We included the data of patients aged 18–89 years participating in the Advanced CKD Care Program from January 1st, 2003, to December 31st, 2017, who had no history of dialysis. For population of baseline CTR analysis, we included patients who had at least one CTR measurement during the baseline period (−1 year to +6 months of the index date) and one CTR during the follow-up period (+6 months of the index date to December 31st, 2017), with the two CTR measurements were at least 6 months apart. Baseline CTR was the CTR in the baseline period and closest to the index date. In total, 3117 patients with 6234 CTR records were included for analysis (Fig. 1). All CTR records were derived from PA-CXRs, which were taken with the patients in upright position. The average number of days between the dates of baseline CTR and serum creatinine (S-Cre) was 83.0 (IQR 46.0–131.0). The frequency of repeated CTR measurements for the longitudinal arm was shown in the Supplementary Table 1. For population of CTR trajectory analysis, we further excluded patients who did not have at least two CTR measurements within the 2 years after the index date and a total of 2474 participants with 12391 CTR records were included in the trajectory analysis (Fig. 1). This study was approved by the Big Data Center of CMUH and the Research Ethics Committee and Institutional Review Board (REC/IRB) of CMUH, and informed consent was waived due to retrospective nature of the study (CMUH105-REC3-068 & CMUH108-REC2-022). All methods were performed in accordance with the relevant guidelines and regulations of the REC/IRB.

Fig. 1: Flow diagram for included patients.
figure 1

Patients and chest X-ray images are identified through deep data cleaning process to form the final study population.

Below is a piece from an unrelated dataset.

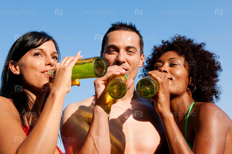 Трое друзей пьют пиво на фоне синего неба

Automatic determination of CTR using deep learning

We used deep learning to perform automatic cardiothoracic cavity segmentation in PA-CXR images by using a U-Net model27. The U-Net architecture is illustrated in Supplementary Fig. 127. The model consists of a contracting path (left side) and an expanding path (right side). The contracting path follows the typical architecture of a convolutional network, consisting of repeated application of two 3 × 3 convolutions (unpadded convolutions), each of which is followed by a rectified linear unit (ReLU)28 function and a 2 × 2 max-pooling operation with a stride of 2 for downsampling. In each downsampling step, the number of feature channels is doubled. Each step in the expanding path consists of upsampling of the feature map followed by a 2 × 2 convolution (“up-convolution”) that halves the number of feature channels, concatenation with a correspondingly cropped feature map from the contracting path, and two 3 × 3 convolutions, each of which is followed by a ReLU function. The cropping is necessary because of the loss of border pixels with each convolution. In the final layer, a 1 × 1 convolution is used to map each 32-component feature vector to the desired number of classes. In total, the network has 23 convolutional layers. To evaluate the performance of the model, we evaluated CTR agreement as an absolute difference (AD) of <0.03 between the ML-estimated CTR and one calculated through physician annotation. From the testing database, 510 of 537 PA-CXRs had a CTR AD < 0.03, for an accuracy of 94.97%. The iCTR Assessment System that incorporates the CTR estimation algorithm has received premarket approval for software as a medical device (SaMD) from the US Food and Drug Administration (FDA; 510(k) number, K212624) and Taiwan FDA (TFDA; medical device license number, 007443). The ML-estimated CTR of actual cases were illustrated in Supplementary Fig. 2.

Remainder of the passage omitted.